Pregnancy management
Pregnancy and the postpartum period can be dangerous for women with Loeys-Dietz syndrome because of increased risk of aortic dissection/rupture and uterine rupture. Increased frequency of aortic imaging is recommended, both during pregnancy and in the weeks following delivery.
Loeys-Dietz syndrome life expectancy
The major sources of morbidity and early mortality in Loeys-Dietz syndrome are dilatation of the aorta at the level of the sinuses of Valsalva, a predisposition for aortic dissection and rupture, mitral valve prolapse with or without regurgitation, and enlargement of the proximal pulmonary artery 5.

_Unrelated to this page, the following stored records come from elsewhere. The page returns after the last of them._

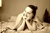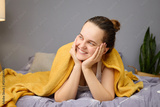 A young woman lies on her stomach on a bed, smiling warmly while resting her head on her hands. She is wrapped in a soft yellow blanket, surrounded by a peaceful indoor environment
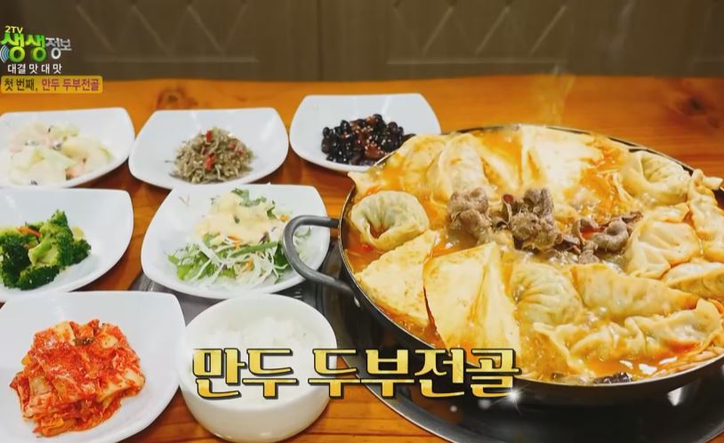 경기도 오산시의 한 식당 맛대 맛대결을 펼칠 첫 번째 메뉴는 따로 먹어도 맛이지만 함께 먹으면 더 맛있다는 재료들이 한자리에 총출동 만두가 몇 개가 보글보글 부드러운 두부와 쫄깃한 육즙, 좔좔 흐르는 고기만두
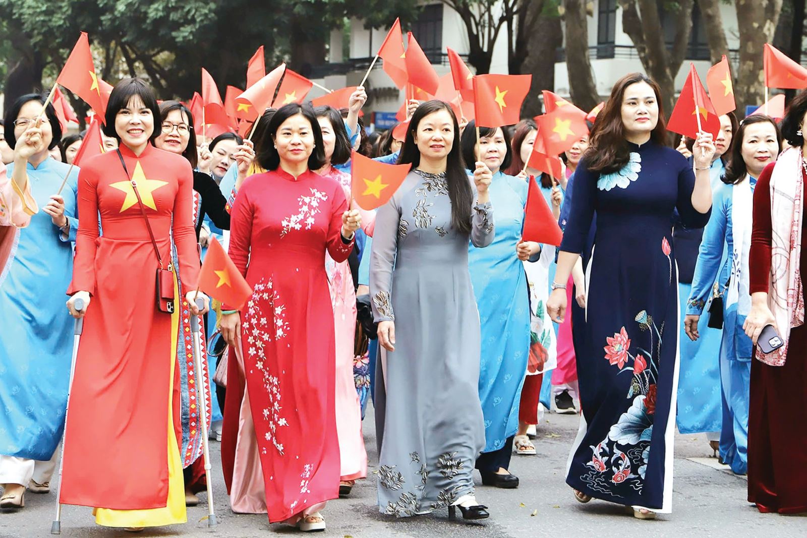 Lãnh đạo Hội Liên hiệp Phụ nữ Việt Nam tham gia lễ diễu hành áo dài - Nguồn: nhandan.vn
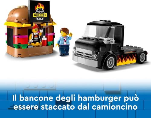 Food truck giocattolo: servire al fast food è un gioco da ragazzi, con il set giocattolo Furgone degli Hamburger LEGO City da costruire, per bambini e bambine da 5 anni in su
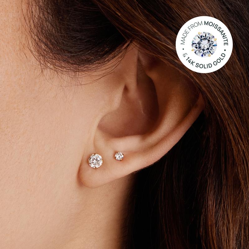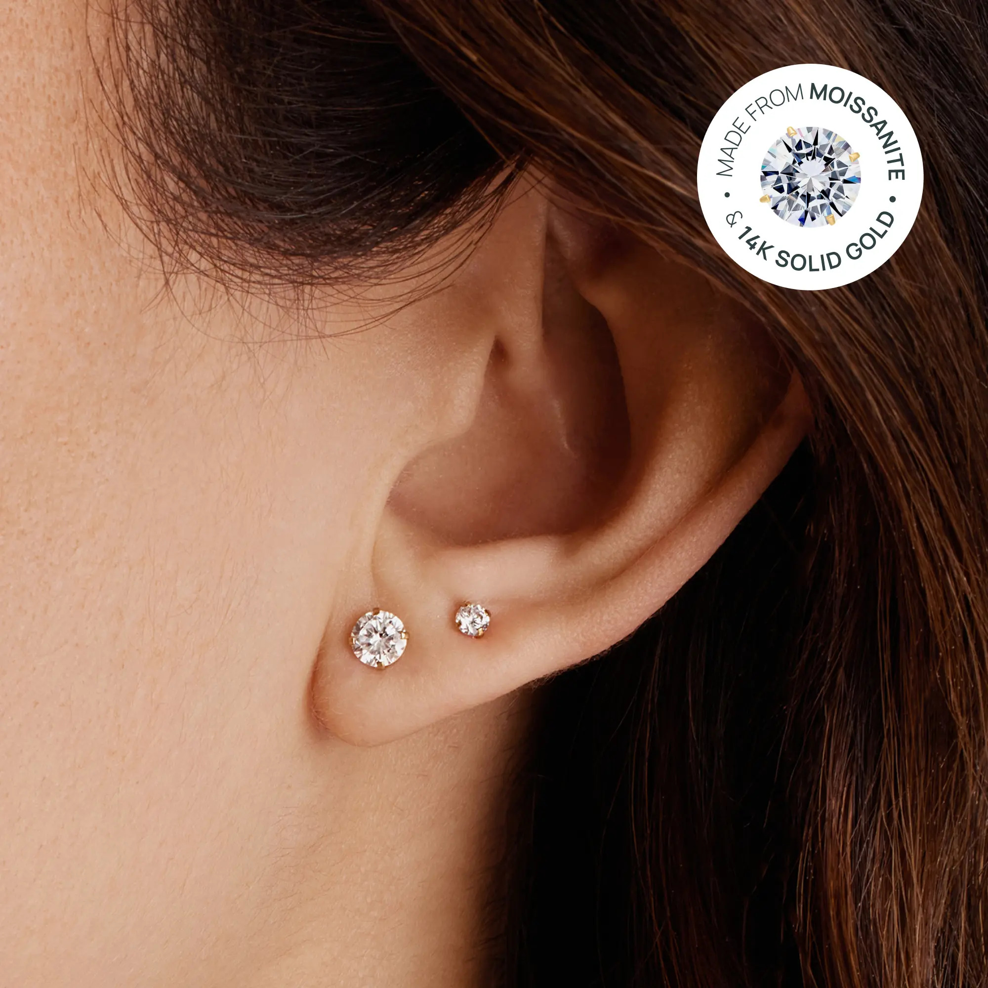 Discover the brilliance of our moissanite stud earrings, crafted with lab-created moissanite set in solid 14K gold. These earrings rival the brilliance of diamonds, offering an ethical and radiant alternative at a lower cost. Choose your perfect sparkle with these timeless studs.

Individuals with Loeys-Dietz syndrome have a more aggressive vascular course (with routine involvement of vascular segments distant from the aortic root) than that observed in Marfan syndrome. Mean age at death is 26 years 20. Attias et al 21 reported that the proportion of individuals with aortic dilatation, the age at dissection, and the need for surgery were similar in those with a heterozygous TGFBR2 pathogenic variant and those with a heterozygous FBN1 pathogenic variant causative of Marfan syndrome; however, the rate of death was greater in families with a heterozygous TGFBR2 pathogenic variant. Similarly, a study of 228 families with a heterozygous pathogenic variant in either TGFBR1 or TGFBR2 demonstrated similar aortic risk (dissection or aortic surgery) in both groups 22.